What both the Coalgate and 2G judgements have failed to appreciate, was that the privatization of both telecom and power, would operate in a competitive as well as in a regulated environment.

The Telecom Regulatory Authority of India (TRAI) and the Regulatory Commission in each state would determine the tariff at which the telecom and power services were to be made available to the people of this country.

Any benefit given to private operators in this background was thus bound to be passed on to the people of India. If such a pass through were not to take place then the regulator in both sectors were there to ensure the same.


The petitioners in both the matters have been successful in getting a favourable judgement from the Court, but what the Court does not realize is that through these judgements - only 15 per cent of total revenue reaches the common man, with 85 per cent of the revenue reduced to "line loss" - money which will be pocketed by politicians and middleman.

Thus the benefit which the telecom sector or power sector, were to get by direct allotment of spectrum or coal to private investors will be completely lost, if the private players are made to procure the same resources at a higher price.

This will lead to higher tariffs, both in the telecom and power sector, which the common man will have to bear. It is depressing to note those who have argued against this have been ignored. The argument of one Attorney General, that this will have no impact on the economy, has been accepted in toto, despite the fact several senior counsels had brought out in detail the huge impact of the judgement on the power and banking sectors in particular.


Though subsequent judgements delivered by the bench of the Hon'ble Chief Justice have taken note of the argument of the senior counsels, they do not deal with them on the specious premise that the Attorney General has taken a stand that the judgement will have no impact on the economy.

In my view, the judgement which has directed allottees of coal blocks to pay an additional levy of Rs 295 per metric ton of coal is also without any justification.

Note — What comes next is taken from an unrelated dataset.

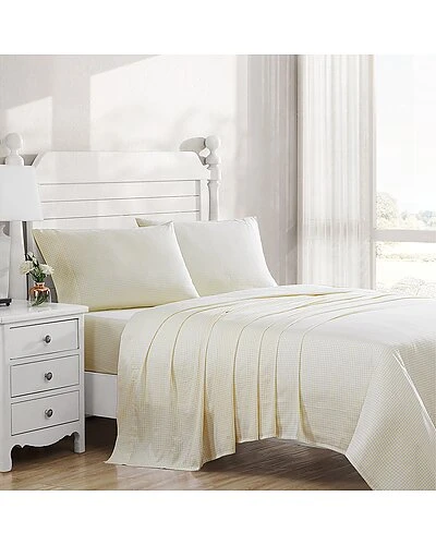 - Design details: sateen cotton sheets promote a good night’s sleep; smooth, sleek and soft; single ply, set includes a fully elasticized fitted sheet- premium encased elastic runs continuously around all four sides to keep the fitted sheet in place; 15″ fitted sheet pocket depth – fitted sheet fits mattress up to 18″, pillowcases have a standard opening with 4″ hem, oeko-tex certified, the mark of excellence for products that are healthy for you and healthy for the environment, the laura ashley serendipity gingham cotton sateen sheet set is a sunny yellow and white check

Every power generator who has utilized coal from the mine, and supplied power to the people, has a right to get this additional levy recovered through tariffs, as the power generators are under a cost plus regime under the Electricity Act, 2003.

They are entitled to be compensated for any additional expenditure they are asked to make, over and above the expenses that they have already incurred in the generation of power.

On the whole, the judgment of the Supreme Court is more disappointing in the Coalgate matter, than in the 2G matter, as in that case at least all the licensees had been heard before passing the order.

However, in the Coalgate matter, the affected coal block allottees were not given any notice to appear and make their submissions justifying their allocation.


Vikas Singh Vikas Singh

The writer is the former Additional Solicitor General of India.